Department of Educational Psychology, University of Wisconsin-Madison.
Department of Statistics, University of Wisconsin-Madison.
Multivariate Behav Res. 2021 Nov-Dec;56(6):829-852. doi: 10.1080/00273171.2020.1808437. Epub 2020 Aug 28.
There is a growing interest in using machine learning (ML) methods for causal inference due to their (nearly) automatic and flexible ability to model key quantities such as the propensity score or the outcome model. Unfortunately, most ML methods for causal inference have been studied under single-level settings where all individuals are independent of each other and there is little work in using these methods with clustered or nested data, a common setting in education studies. This paper investigates using one particular ML method based on random forests known as Causal Forests to estimate treatment effects in multilevel observational data. We conduct simulation studies under different types of multilevel data, including two-level, three-level, and cross-classified data. Our simulation study shows that when the ML method is supplemented with estimated propensity scores from multilevel models that account for clustered/hierarchical structure, the modified ML method outperforms preexisting methods in a wide variety of settings. We conclude by estimating the effect of private math lessons in the Trends in International Mathematics and Science Study data, a large-scale educational assessment where students are nested within schools.
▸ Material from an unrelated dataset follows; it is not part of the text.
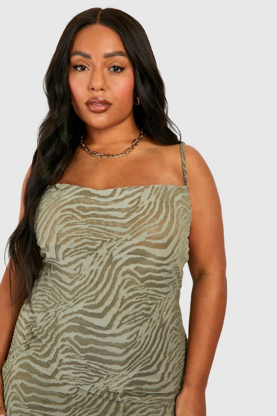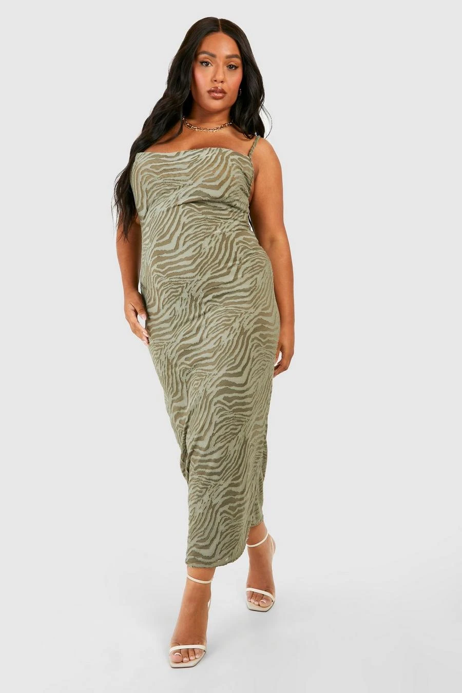 BOOHOO Plus Animal Devore Cowl Neck Maxi Dress

由于机器学习 (ML) 方法具有自动且灵活地建模倾向评分或结果模型等关键量的能力,因此人们对其用于因果推断的兴趣日益浓厚。不幸的是,大多数用于因果推断的 ML 方法都是在单级设置下进行研究的,在这种设置下,所有个体都是相互独立的,而在聚类或嵌套数据(教育研究中常见的设置)中使用这些方法的工作很少。本文研究了使用一种基于随机森林的特定 ML 方法,即因果森林,来估计多层次观测数据中的处理效果。我们在不同类型的多层次数据下进行了模拟研究,包括两水平、三水平和交叉分类数据。我们的模拟研究表明,当 ML 方法辅以考虑聚类/层次结构的多层次模型中估计的倾向评分时,修改后的 ML 方法在各种设置下都优于现有方法。最后,我们在 Trends in International Mathematics and Science Study 数据中估计了私人数学课对学生的影响,这是一项大规模的教育评估,学生嵌套在学校中。